THE PROBLEM — With pictures left out, output exactly the lines from the line holding "P0350 Morocco 5" through the end of the data, both included.

DATA EXCERPT —
=-=-=

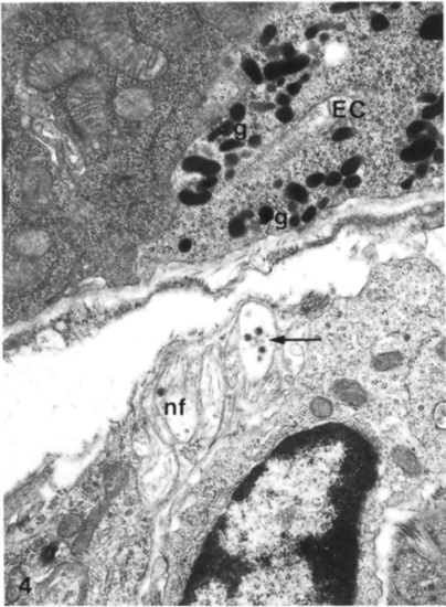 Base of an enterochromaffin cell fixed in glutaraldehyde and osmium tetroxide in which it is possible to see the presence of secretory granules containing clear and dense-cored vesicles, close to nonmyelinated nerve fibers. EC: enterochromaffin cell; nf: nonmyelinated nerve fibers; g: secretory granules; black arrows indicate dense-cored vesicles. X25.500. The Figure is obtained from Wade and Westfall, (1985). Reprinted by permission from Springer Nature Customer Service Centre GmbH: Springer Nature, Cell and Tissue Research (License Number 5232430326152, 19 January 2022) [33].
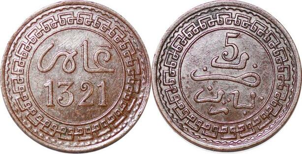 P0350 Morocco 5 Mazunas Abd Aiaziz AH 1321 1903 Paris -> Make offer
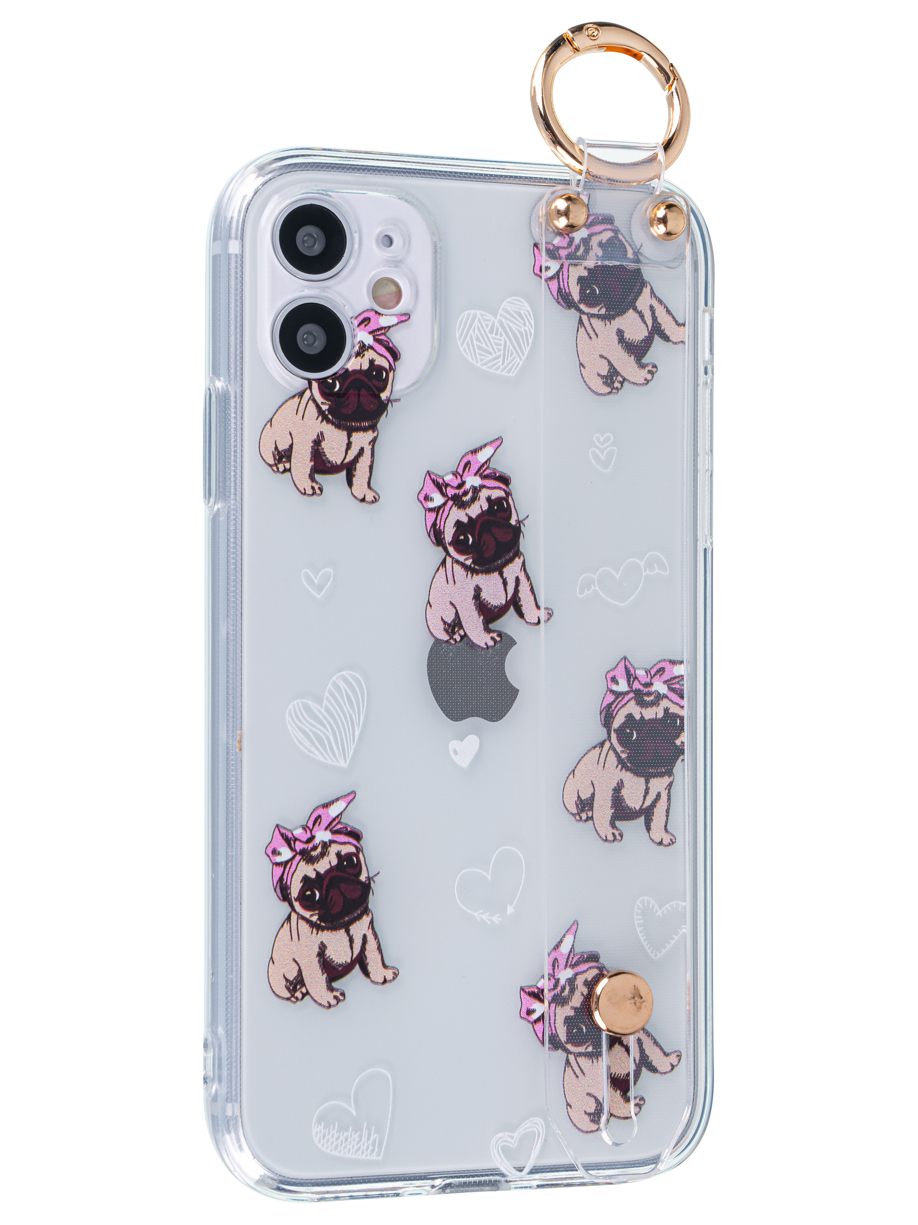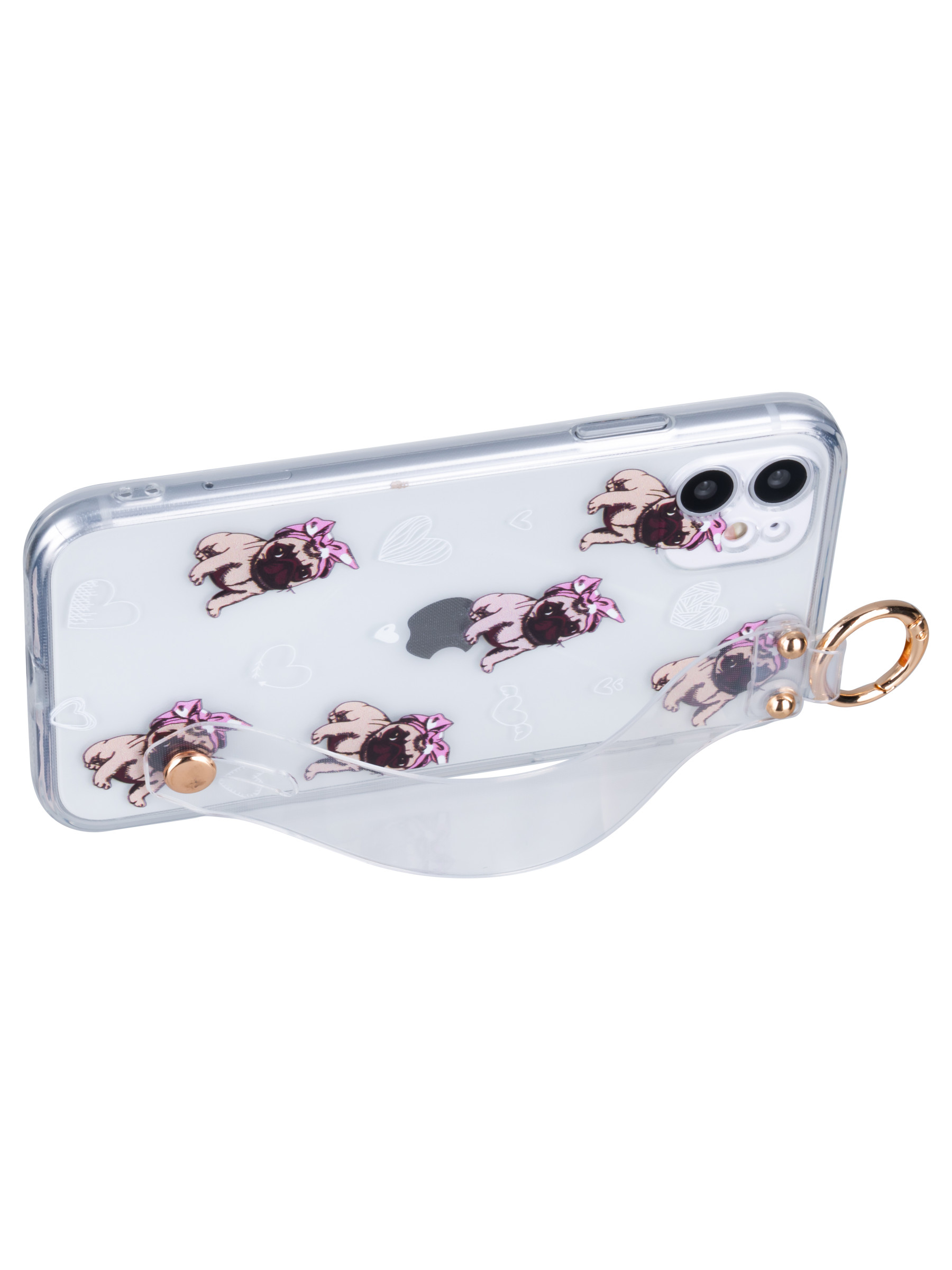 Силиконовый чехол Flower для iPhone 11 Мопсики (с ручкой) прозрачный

=-=-=

WRITTEN RESPONSE —
 P0350 Morocco 5 Mazunas Abd Aiaziz AH 1321 1903 Paris -> Make offer
 Силиконовый чехол Flower для iPhone 11 Мопсики (с ручкой) прозрачный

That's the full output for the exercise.